Tuesday, 8 July 2025: 00:24
Location: ASJE025 (Annex of the Faculty of Legal, Economic, and Social Sciences)
Oral Presentation
Livia PEROSINO, Universtity of Cardiff, United Kingdom
This presentation provides an overview of the social (de)composition of rural areas in Jordan Valley, analysing power relations, the ability to access resources, and the trajectories of several categories of actors involved in agricultural production. Through different political phases, the valley has undergone a profound agrarian transformation, and is now characterized by intensive and largely export-oriented agriculture. The transformation has also changed the social fabric of these rural areas, and the sustainability of the sector.

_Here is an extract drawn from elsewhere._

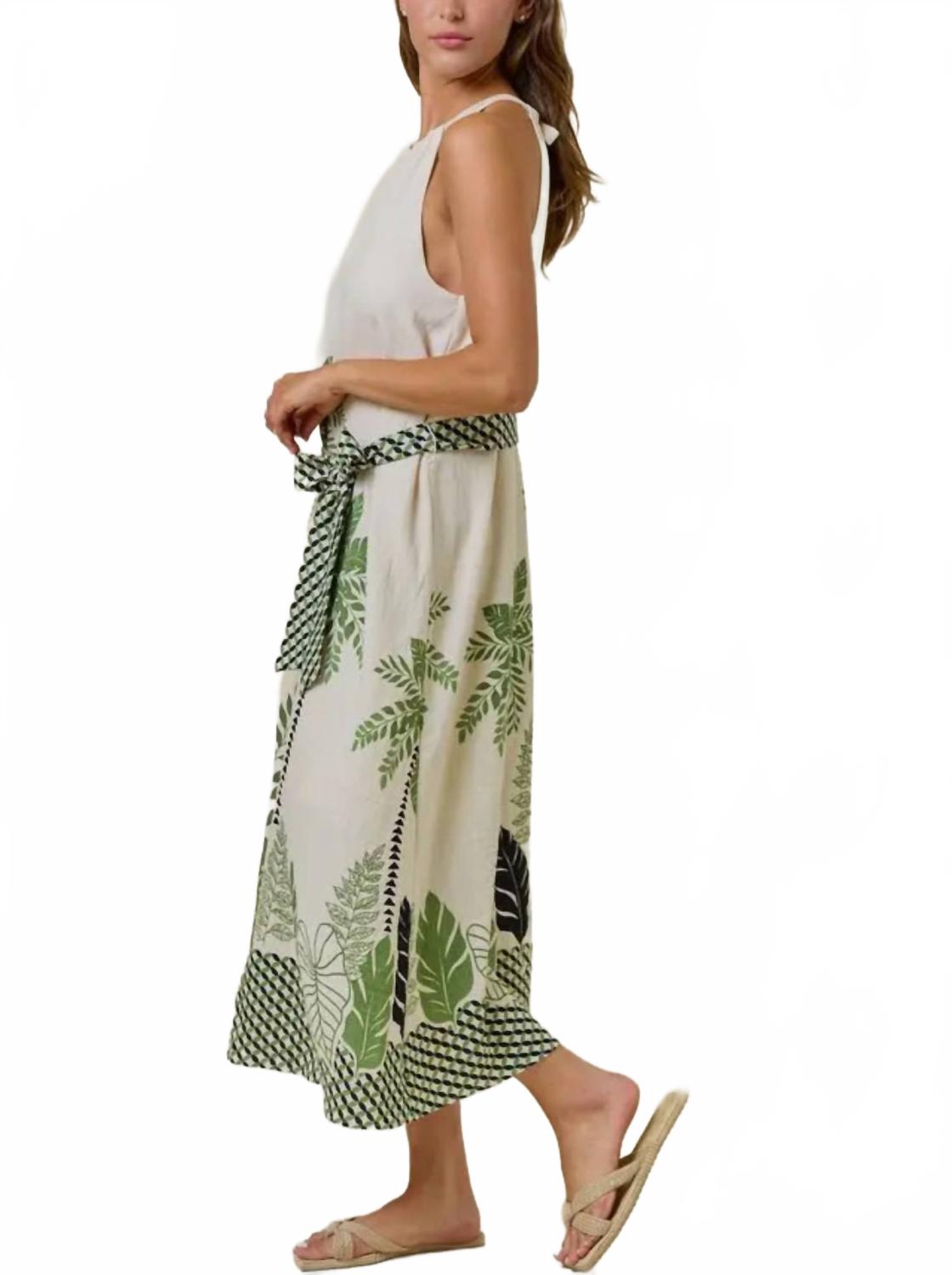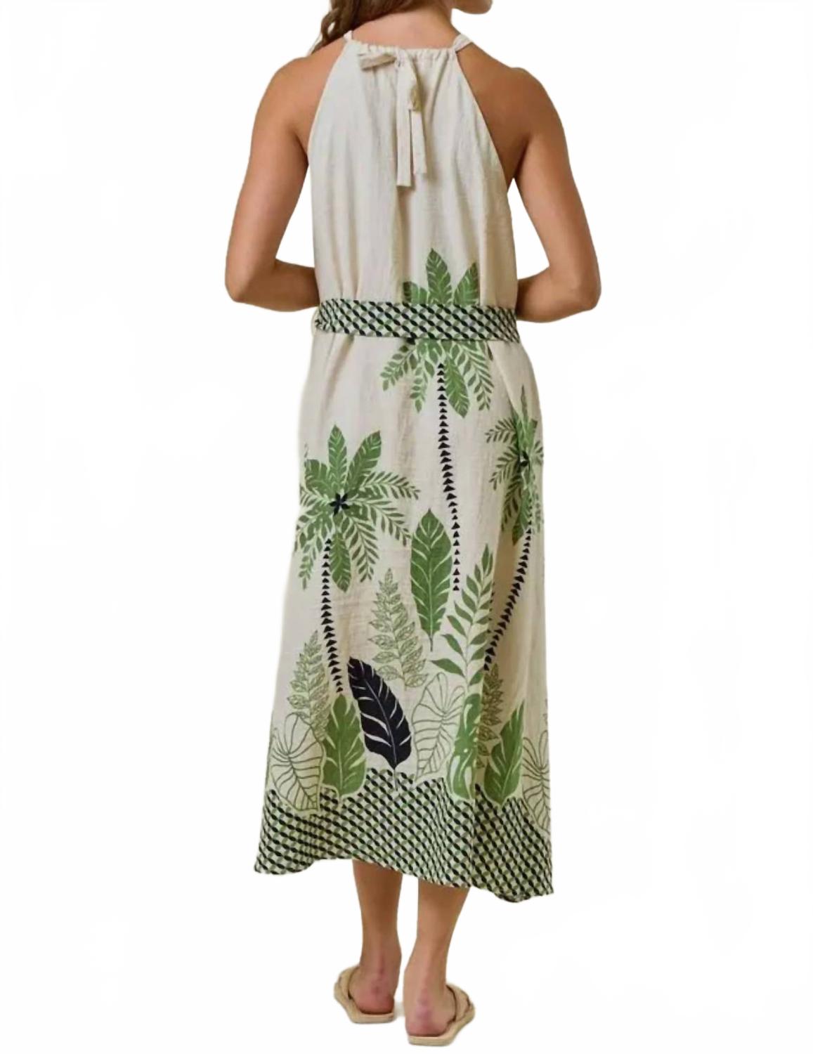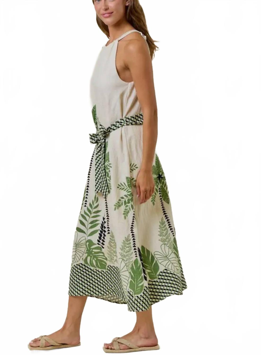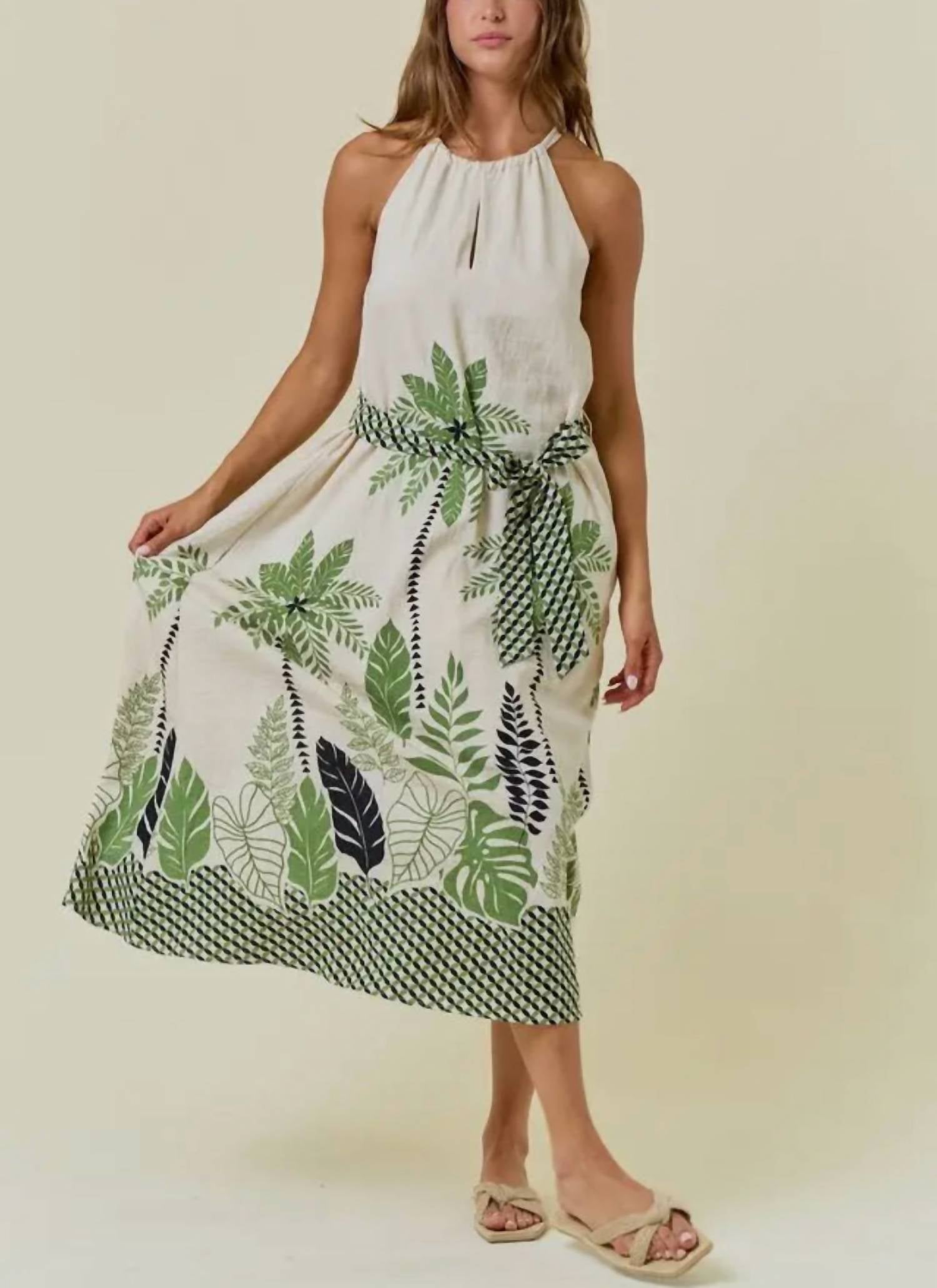 Кто не любит хорошее макси-платье? Это то, за которым вы будете тянуться сезон за сезоном. Откройте для себя женское макси-платье от Doe and Rae, разработанное для непринужденного комфорта в струящемся силуэте без рукавов. Это платье А-силуэта с тропическими пальмами и ботаническим принтом в зеленом и темно-синем на фоне цвета слоновой кости, дополнено американской проймой и деталью-замочной скважиной спереди для нотки элегантности. Состав - вискоза, лен. Длина изделия - 50 1/2 дюйма общая длина для размера small. Идеально подходит для пляжного дня или любого летнего случая, пояс-кушак обеспечивает выгодную и регулируемую посадку. На модели носит размер small (рост 5'9", бюст 32", талия 25 дюймов).

In the context of the dramatic environmental crisis that the valley is facing, national and international policy makers promote market-oriented solutions. According to these narratives, a greater integration to global markets, the adoption of the latest technical innovations and strategies to adapt to climate change are the only possible solutions in this context.
Building on three years of qualitative research, I discuss the possible outcomes of such market-oriented solutions by replacing them in the social and environmental reality of the valley. By analysing power dynamics between food producers I show that the impoverishment of the rural population is part of a wider process of dispossession of local producers in favour of wealthy urban elites, that has accelerated after the economic liberalisation of the early 2000s. The livelihood of commercial farmers is more and more precarious, with negative repercussions on the incomes of agricultural workers. Environmental degradation and climate change appear as aggravating circumstances that further casualize rural populations, rather than being the root of the problem. In this context, the solutions currently promoted might further the polarise and impoverish rural areas, while exacerbating the negative effects of the environmental crisis.